== Problem statement ==
Apart from the images, the entire listing below must be restated word for word.

== Provided material ==
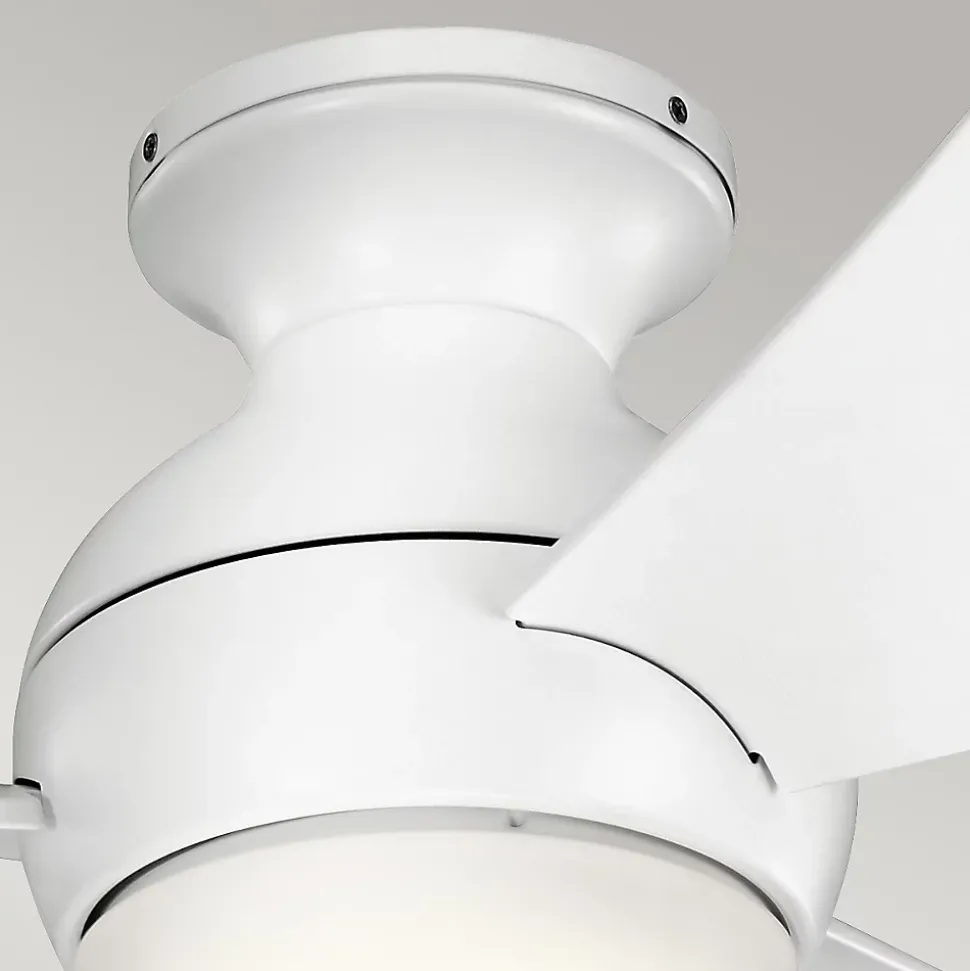 La collection Sola de Kichler est proposée en Blanc Mat et en Nickel Brossé. Conçue pour une utilisation en extérieur, elle est équipée d’un éclairage LED intégré et dimmable, ainsi que d’une installation encastrée. La forme du boîtier moteur inspirée par les globes apporte un style charmant à tout espace. Un capuchon de fixation métallique est inclus pour les installations sans éclairage. Garantie: moteur et pièces liées au moteur: 10 ans ; Eclairage Led et composants éléctriques: 5 ans ; Autres pièces: 2 ans.Vitesse de rotaton 247 / 123 tours / minute.
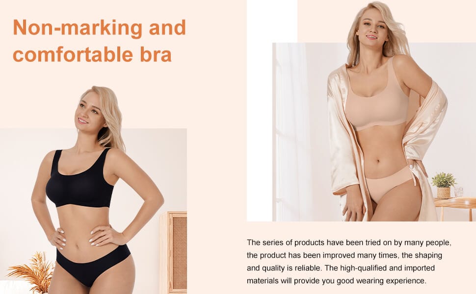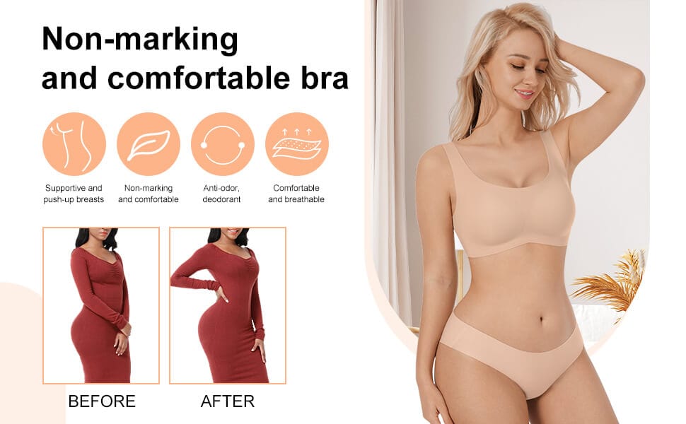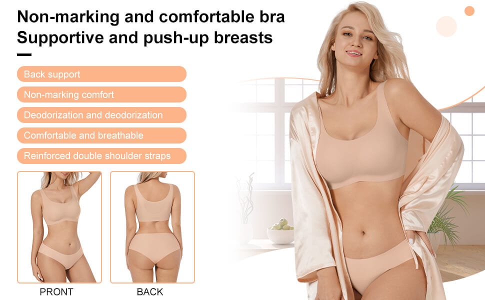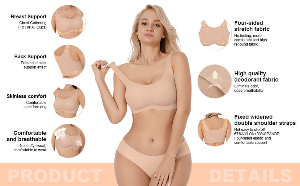 1. Support and push-up bra:The product uses a Japanese drop glue design instead of an underwire process to provide comfortable support. It also implements point structure support to create directional compression which is strongly supportive, not easy to move up, invisible, comfortable and senseless. The chest inner layer applies mesh fabric to increase the push-up effect; The use of X-shaped back dot glue design is to increase the back support and enhance the chest support effect.
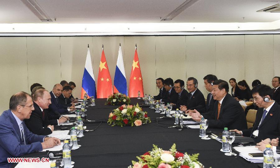 Chinese President Xi Jinping meets with Russian President Vladimir Putin in Fortaleza, Brazil, July 14, 2014. (Xinhua/Li Xueren)

== The completed task ==
 La collection Sola de Kichler est proposée en Blanc Mat et en Nickel Brossé. Conçue pour une utilisation en extérieur, elle est équipée d’un éclairage LED intégré et dimmable, ainsi que d’une installation encastrée. La forme du boîtier moteur inspirée par les globes apporte un style charmant à tout espace. Un capuchon de fixation métallique est inclus pour les installations sans éclairage. Garantie: moteur et pièces liées au moteur: 10 ans ; Eclairage Led et composants éléctriques: 5 ans ; Autres pièces: 2 ans.Vitesse de rotaton 247 / 123 tours / minute.
 1. Support and push-up bra:The product uses a Japanese drop glue design instead of an underwire process to provide comfortable support. It also implements point structure support to create directional compression which is strongly supportive, not easy to move up, invisible, comfortable and senseless. The chest inner layer applies mesh fabric to increase the push-up effect; The use of X-shaped back dot glue design is to increase the back support and enhance the chest support effect.
 Chinese President Xi Jinping meets with Russian President Vladimir Putin in Fortaleza, Brazil, July 14, 2014. (Xinhua/Li Xueren)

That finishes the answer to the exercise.